Senior women in astronomy provide us with mentors and role models. They can change or even transform the culture, dynamics, and environment of a department or research group. They can stand with us and fight for us if we find ourselves the victim of gender discrimination, sexual harassment, or unconscious bias. They can make an organization more female friendly.

CSWA began compiling a list of the percentage of women among the tenured faculty members of Ph.D. astronomy departments in the US. This list has now been expanded to include the percentage of women researchers/faculty/staff with tenure or the equivalent for US astronomy institutes/universities/observatories. For US government installations such as NASA GSFC, the equivalent of tenure is considered to be a civil service appointment. Numbers and percentages were confirmed by a member of each organization.

The table below shows that the range is wide, with Indiana University leading the pack with 50% women on the tenured faculty, but with some other institutions still in the single digits. The average is 15.1%, with a standard deviation of 10.6%.

For comparison, 18% of full members of the AAS are women. In addition, 30% of named postdocs have been women for the past 20 years; they represent some of the most highly qualified potential candidates for tenure-track positions. These data are public domain and were compiled by the demographics panel for Astro 2010. We received special permission to share the results at the 2009 Women in Astronomy III conference. Here's a link to the paper.

Why tenured women? Other surveys of women in astronomy have been more general. See, for example, the article in the June 2004 issue of STATUS entitled, “Portrait of a Decade: Results from the 2003 CSWA Survey of Women in Astronomy” by Jennifer Hoffman and Meg Urry.
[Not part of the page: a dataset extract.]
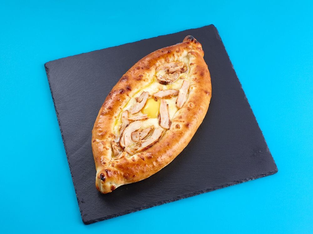 Тесто дрожжевое, сыр сулугуни, масло сливочное, филе бедра куриное, обжаренное на мангале, яйцо

In my mind, tenure means success. Of course, there are many ways to succeed in astronomy, but tenure may be the most universal. This survey was narrowly focused to begin to answer a very specific question, "Are women succeeding in astronomy?” One way to answer this question is, "Yes, individual women have always succeeded in astronomy." Another answer, related to the group rather than the individual is, "Yes, but progress is all too slow."

This list is meant to be an evolving document, so as members of your organization get tenure, retire, arrive, leave, etc., we invite you to send the new numbers to CSWA so we can keep an accurate tally. Please feel free to contact us with any changes, updates, and questions. Also, if you would like to add your department or research organization to the list, please send us the necessary figures.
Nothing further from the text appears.